Bill Zubic

Personal information
- Born: August 7, 1918 Philadelphia, Pennsylvania, U.S.
- Died: July 24, 1994 (aged 75)
- Listed height: 6 ft 5 in (1.96 m)
- Listed weight: 205 lb (93 kg)

Career information
- High school: South Catholic (Philadelphia, Pennsylvania)
- Playing career: 1937–1952

Career history
- 1937–1938: Conshohocken
- 1937–1942: Reading Keys / Republicans
- 1938–1939: Hazelton Mountaineers
- 1939–1940: Elmira (Colonials?)
- 1941–1943: Trenton Tigers
- 1946–1947: Reading Keys
- 1947–1951: Lancaster (Red) Roses / Rockets
- 1948–1949: Atlantic City Tides
- 1951–1952: Pottsville Packers

Career highlights
- EPBL Most Valuable Player (1950); 2× First-team All-EPBL (1950, 1951);

= Bill Zubic =

American basketball player (born 1918)

William Bezubic (August 7, 1918 - July 24, 1994), known as Bill Zubic, was an American former professional basketball player.

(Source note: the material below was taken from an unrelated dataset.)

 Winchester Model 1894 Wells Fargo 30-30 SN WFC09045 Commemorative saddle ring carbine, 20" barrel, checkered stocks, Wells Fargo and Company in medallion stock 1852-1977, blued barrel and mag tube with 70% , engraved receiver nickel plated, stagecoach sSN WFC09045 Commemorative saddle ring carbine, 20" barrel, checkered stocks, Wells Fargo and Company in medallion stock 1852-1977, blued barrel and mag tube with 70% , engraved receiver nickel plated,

Zubic was a star at South Catholic High School in Philadelphia, Pennsylvania, and began playing professionally in 1937 at the age of 19. He split the 1937–38 season with Conshohocken of the NL and Reading of the TCL. Zubic stayed with Reading until 1942 while doing stints with Hazelton of the NYPA and Elmira of the NYSL. He joined the Trenton Tigers of the American Basketball League (ABL) during the 1941–42 season.

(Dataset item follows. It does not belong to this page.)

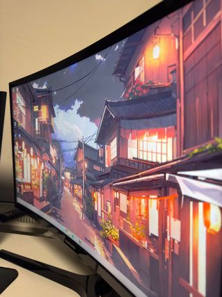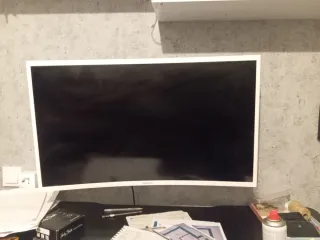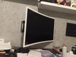 Monitor curvo de 32 con soporte pared de brazo de regalo. Tiene una pequeña muesca/ rallajo en la pantalla apenas perceptible.

Zubic's career was interrupted by his service in World War II from 1943, where he achieved the rank of corporal. He returned to playing professionally in the EPBL with Reading. Zubic joined the Lancaster Red Roses in 1947. He was named as the EPBL Most Valuable Player and led the league in scoring with 602 points during the 1949–50 season. He was an All-EPBL First Team selection in 1950 and 1951. Zubic finished his career with a one-game stint with the Pottsville Packers in the 1951–52 season.